Net NPA ratio plunges from 4.77 pc to 2.06 pc
MUMBAI: ICICI Bank, the second largest private sector bank in the country, with an asset base of Rs9.64 lakh crore as of March 31, 2019, has come a long way in curbing its bad loans by trimming the net NPA ratio by about 57 per cent from 4.77 per cent to 2.06 per cent during the past one year.
However, the bottom line took a hit as the profit after tax (PAT) or net profit for the fourth quarter (Q4) declined 5 per cent from Rs1020 crore to Rs969 crore whereas the net profit for the financial year ending March 31, 2019 fell by 50.38 per cent – from Rs6777 crore to Rs3363 crore.

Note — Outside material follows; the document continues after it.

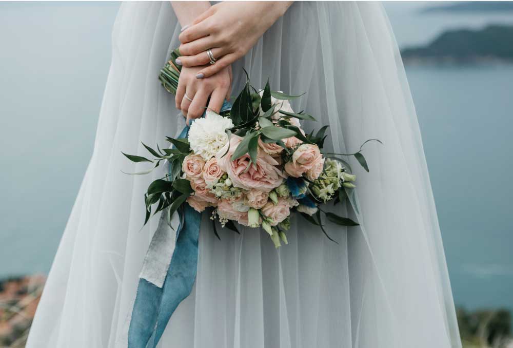 アースカラーにこだわりたいアイテムの一つがドレスとブーケです。ドレスは、オフホワイトやアイボリー、淡いブルーなどの少しくすんだカラーがオシャレ。ブーケはグリーンを基調にブルーやペールオレンジなどのお花をポイントに入れても引き締まります。

The bank succeeded in taming its NPA, which has become the Achilles heel of the country’s banking industry during the past close to half-a-decade, through prudent provisioning exercise. ICICI Bank that was mired in serious controversies in the recent past, has cost the institution even its fabled chief executive last year,
The bank saw its NPAs contract over 50 per cent year on year to Rs13,577 crore as its provision coverage ratio (PCR) rose to 70.6 per cent, one of industry’s best. In fact, including technical/prudential write-offs, ICICI Bank’s provision coverage ratio was 80.7 per cent. The bank also sits on a strong capital base with Tier 1 ratio at 15.09 per cent.
While the operating profit for Q4 fell by 17 per cent from Rs7514 crore to Rs6233 crore, the full year operating profit suffered a milder fall of 5.27 per cent – from Rs24,742 crore to Rs23,438 crore.
While the deposits during the financial year under review grew by 16.4 per cent to Rs6,52,920 crore, ratio of CASA dropped marginally from 45.9 per cent to 44.6 per cent.
The total advances expanded by 14.5 per cent to Rs5,86,647 crore during the year, while the retail loans soared by 21.7 per cent, from Rs2,89,894 crore to Rs3,52,831 crore, thus becoming the mainstay of the bank’s loan book.
In fact, home loan portfolio that expanded by 18.8 per cent to Rs1,78,236 crore constitutes more than half of the retail loans at 50.5 per cent as of March 31, 2019.